Exercise goal =
Within the entries below, please return exactly the lines from the one with "Wooden bench with" through the one with "Esta rua é realmente", leaving out any pictures.

**** Extracted material

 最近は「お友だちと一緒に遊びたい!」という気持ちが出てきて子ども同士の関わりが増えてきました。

********
**** Extracted material

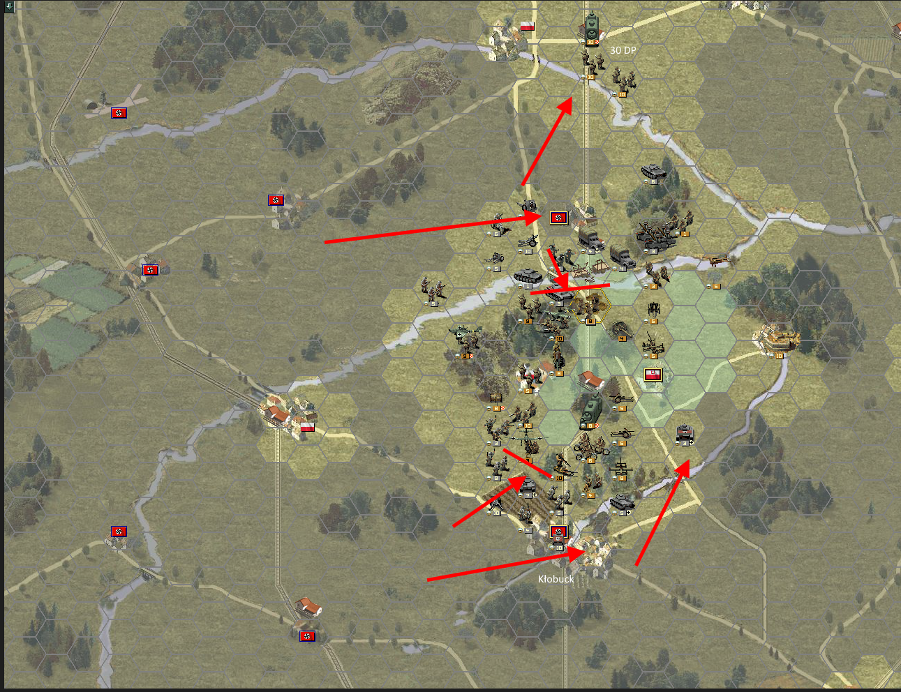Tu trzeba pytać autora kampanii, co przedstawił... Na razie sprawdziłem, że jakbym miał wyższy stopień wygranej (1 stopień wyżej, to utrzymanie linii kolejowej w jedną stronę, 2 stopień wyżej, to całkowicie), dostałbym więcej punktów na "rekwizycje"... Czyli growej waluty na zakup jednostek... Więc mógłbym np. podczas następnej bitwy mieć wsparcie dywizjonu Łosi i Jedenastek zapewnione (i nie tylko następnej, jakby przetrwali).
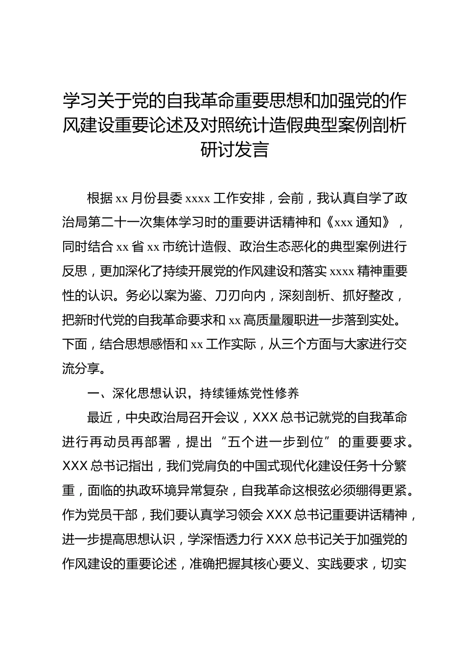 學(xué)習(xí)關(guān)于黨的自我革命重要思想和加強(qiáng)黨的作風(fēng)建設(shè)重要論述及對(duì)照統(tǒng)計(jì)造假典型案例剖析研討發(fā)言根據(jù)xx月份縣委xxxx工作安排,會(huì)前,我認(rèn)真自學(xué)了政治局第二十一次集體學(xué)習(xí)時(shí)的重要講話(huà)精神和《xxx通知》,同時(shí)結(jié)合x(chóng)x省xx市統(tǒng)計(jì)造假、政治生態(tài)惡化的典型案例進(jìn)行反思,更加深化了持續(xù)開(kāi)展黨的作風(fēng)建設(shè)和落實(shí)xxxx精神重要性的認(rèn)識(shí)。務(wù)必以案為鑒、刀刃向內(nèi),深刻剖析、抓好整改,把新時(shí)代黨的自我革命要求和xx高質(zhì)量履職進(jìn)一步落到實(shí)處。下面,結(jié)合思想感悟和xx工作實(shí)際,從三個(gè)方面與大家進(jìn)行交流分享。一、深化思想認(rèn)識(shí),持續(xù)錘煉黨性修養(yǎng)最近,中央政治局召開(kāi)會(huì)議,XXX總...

********
**** Extracted material

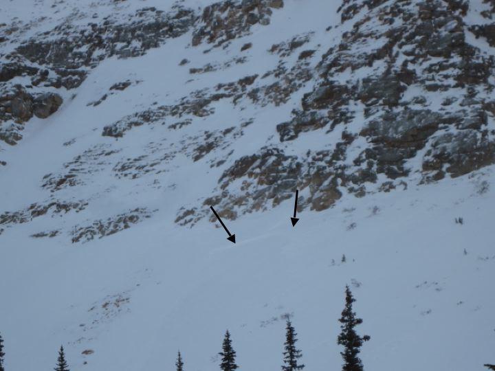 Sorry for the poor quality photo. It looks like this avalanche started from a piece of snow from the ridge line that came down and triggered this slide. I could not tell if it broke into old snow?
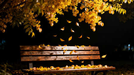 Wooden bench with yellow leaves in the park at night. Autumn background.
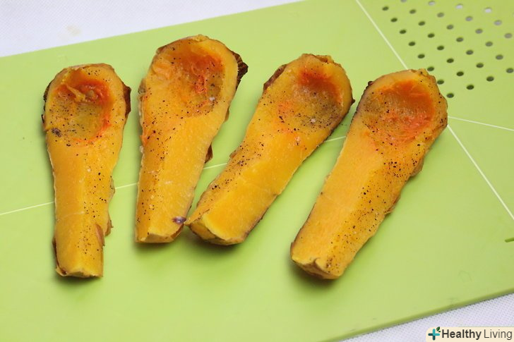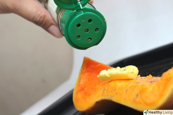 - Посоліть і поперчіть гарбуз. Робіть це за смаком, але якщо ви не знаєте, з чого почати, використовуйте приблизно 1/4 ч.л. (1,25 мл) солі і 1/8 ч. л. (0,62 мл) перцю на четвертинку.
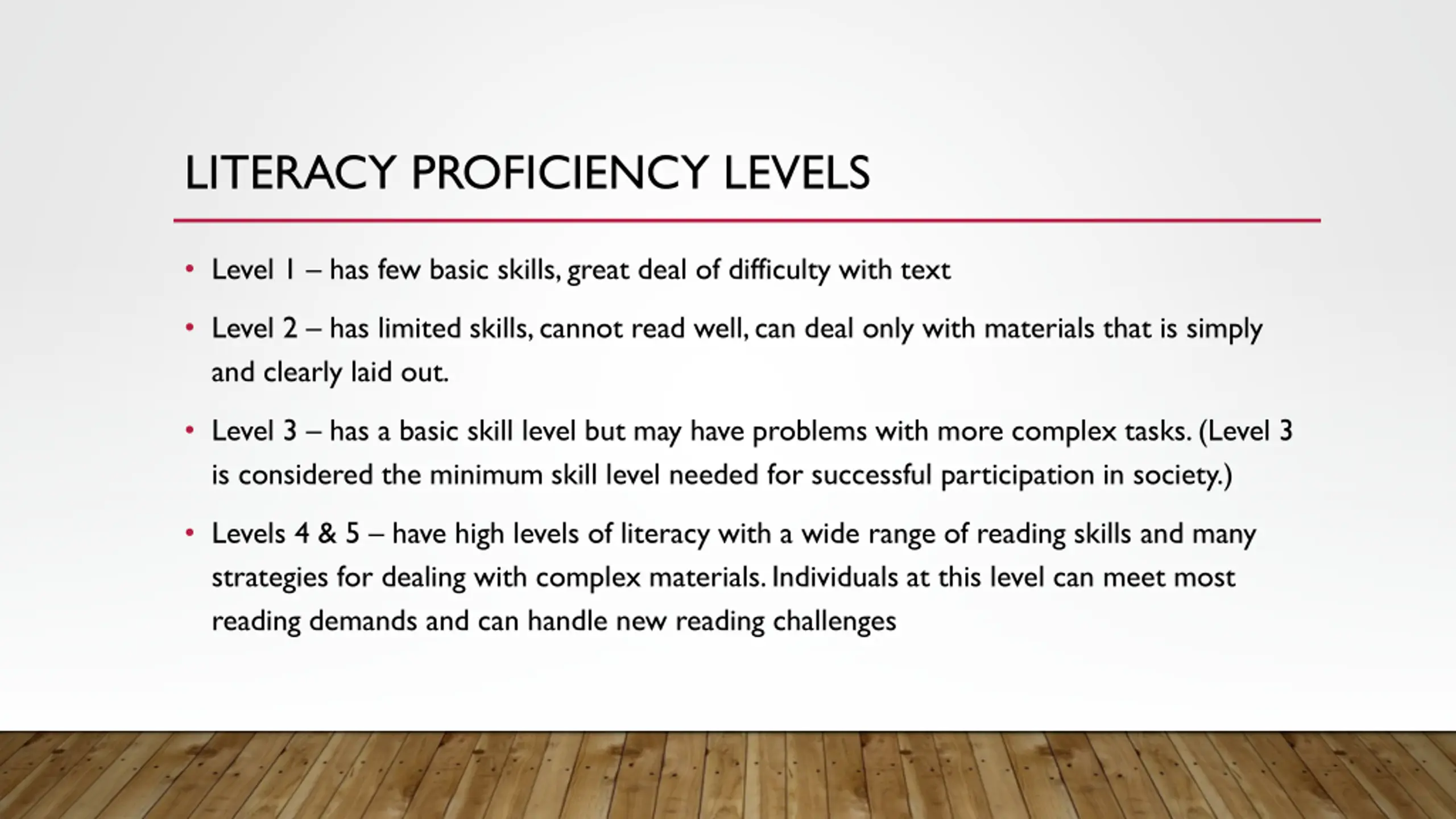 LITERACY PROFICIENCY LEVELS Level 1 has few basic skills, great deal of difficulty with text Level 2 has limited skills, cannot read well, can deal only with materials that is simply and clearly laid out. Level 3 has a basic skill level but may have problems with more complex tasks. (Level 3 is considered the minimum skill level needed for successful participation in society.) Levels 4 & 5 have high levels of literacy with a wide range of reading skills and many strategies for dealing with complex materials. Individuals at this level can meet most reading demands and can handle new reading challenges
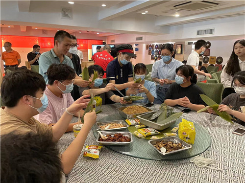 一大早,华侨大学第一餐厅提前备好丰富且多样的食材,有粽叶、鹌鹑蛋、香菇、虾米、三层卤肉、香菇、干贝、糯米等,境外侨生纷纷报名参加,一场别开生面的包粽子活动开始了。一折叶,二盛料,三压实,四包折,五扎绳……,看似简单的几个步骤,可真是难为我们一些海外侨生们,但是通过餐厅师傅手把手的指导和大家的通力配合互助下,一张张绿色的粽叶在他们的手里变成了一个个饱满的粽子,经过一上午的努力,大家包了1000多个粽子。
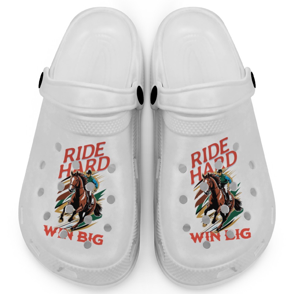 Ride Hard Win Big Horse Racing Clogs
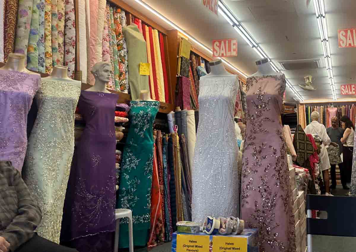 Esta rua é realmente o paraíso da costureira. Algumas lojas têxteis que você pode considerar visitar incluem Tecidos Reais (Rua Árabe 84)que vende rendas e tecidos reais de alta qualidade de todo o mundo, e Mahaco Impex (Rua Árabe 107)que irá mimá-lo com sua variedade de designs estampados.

********

The completed task =
 Wooden bench with yellow leaves in the park at night. Autumn background.
 - Посоліть і поперчіть гарбуз. Робіть це за смаком, але якщо ви не знаєте, з чого почати, використовуйте приблизно 1/4 ч.л. (1,25 мл) солі і 1/8 ч. л. (0,62 мл) перцю на четвертинку.
 LITERACY PROFICIENCY LEVELS Level 1 has few basic skills, great deal of difficulty with text Level 2 has limited skills, cannot read well, can deal only with materials that is simply and clearly laid out. Level 3 has a basic skill level but may have problems with more complex tasks. (Level 3 is considered the minimum skill level needed for successful participation in society.) Levels 4 & 5 have high levels of literacy with a wide range of reading skills and many strategies for dealing with complex materials. Individuals at this level can meet most reading demands and can handle new reading challenges
 一大早,华侨大学第一餐厅提前备好丰富且多样的食材,有粽叶、鹌鹑蛋、香菇、虾米、三层卤肉、香菇、干贝、糯米等,境外侨生纷纷报名参加,一场别开生面的包粽子活动开始了。一折叶,二盛料,三压实,四包折,五扎绳……,看似简单的几个步骤,可真是难为我们一些海外侨生们,但是通过餐厅师傅手把手的指导和大家的通力配合互助下,一张张绿色的粽叶在他们的手里变成了一个个饱满的粽子,经过一上午的努力,大家包了1000多个粽子。
 Ride Hard Win Big Horse Racing Clogs
 Esta rua é realmente o paraíso da costureira. Algumas lojas têxteis que você pode considerar visitar incluem Tecidos Reais (Rua Árabe 84)que vende rendas e tecidos reais de alta qualidade de todo o mundo, e Mahaco Impex (Rua Árabe 107)que irá mimá-lo com sua variedade de designs estampados.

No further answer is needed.